Tomo el puñado de monedas que ella le dio y entró en la cabina, cerrando la puerta detrás de él. Rachel miró mientras el echaba las monedas por la abertura, luego miró alrededor para ver si alguien estaba observándolo, pero la única persona que había era el encargado de la estación de servicio, y se encontraba sentado en una silla en la oficina delantera, apoyándose contra la pared con las patas delanteras de la silla levantadas mientras leía un periódico.

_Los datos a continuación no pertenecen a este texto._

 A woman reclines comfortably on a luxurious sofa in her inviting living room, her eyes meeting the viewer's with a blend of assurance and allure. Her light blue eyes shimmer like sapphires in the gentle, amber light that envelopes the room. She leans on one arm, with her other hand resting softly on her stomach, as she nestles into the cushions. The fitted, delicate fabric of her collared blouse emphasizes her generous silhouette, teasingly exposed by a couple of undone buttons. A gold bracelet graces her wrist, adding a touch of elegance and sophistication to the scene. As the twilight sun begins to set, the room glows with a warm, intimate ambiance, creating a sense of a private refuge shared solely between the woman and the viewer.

Kell regreso al cabo de unos pocos minutos, y Rachel arrancó el coche cuando él se dejó caer en el asiento y cerró la puerta de golpe.

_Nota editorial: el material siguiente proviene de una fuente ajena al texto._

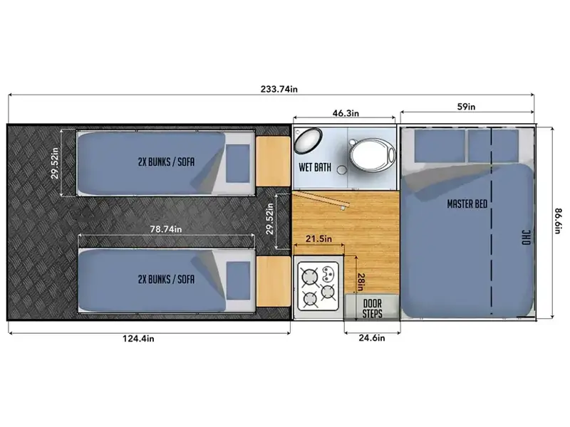 | Fresh Water Capacity | 64 gals | Grey Water Capacity | 26 gals |

– No te llevó mucho tiempo -dijo ella.

– Sullivan no malgasta las palabras.

– ¿Vendrá?

– Sí -De repente él sonrió de nuevo, esa sonrisa rara, verdadera-. Su mayor problema será salir de la casa sin que su esposa lo siga.

El humor, en ese asunto en particular, era inesperado.

– ¿Ella no sabe nada sobre su trabajo?.

Él resopló.

– No es su trabajo, él es granjero. Y Jane hará de su vida un infierno si no la lleva con él.

– ¡Granjero!

– Se retiró hace un par de años de la Agencia.

– ¿Su esposa también era una agente?

– No, gracias a Dios -dijo con verdadero sentimiento.

– ¿No te gusta?

– Es imposible que no te guste. Simplemente estoy contento de que Sullivan la mantenga bajo control en esa granja.

Rachel le echó una mirada dubitativa.

– ¿Es bueno? ¿Cuántos años tiene?

– Es de mi edad. Se retiró. Al gobierno le habría gustado tenerlo durante otros veinte años, pero consiguió marcharse.

– ¿Y es bueno?

Las oscuras cejas de Kell se alzaron.

– Es el mejor agente que he tenido en mi vida. Nos entrenamos juntos en Vietnam.

Eso la tranquilizó; más incluso que el miedo a su marcha, ella temía el peligro al que él tendría que enfrentarse. No aparecería en los periódicos, pero habría una pequeña guerra en la capital de la nación. Kell no descansaría hasta que su departamento estuviera nuevamente limpio, incluso a costa de su vida. El saberlo la carcomía. Si pudiera, si se lo permitiera, se iría con él y haría todo lo que pudiese para protegerlo.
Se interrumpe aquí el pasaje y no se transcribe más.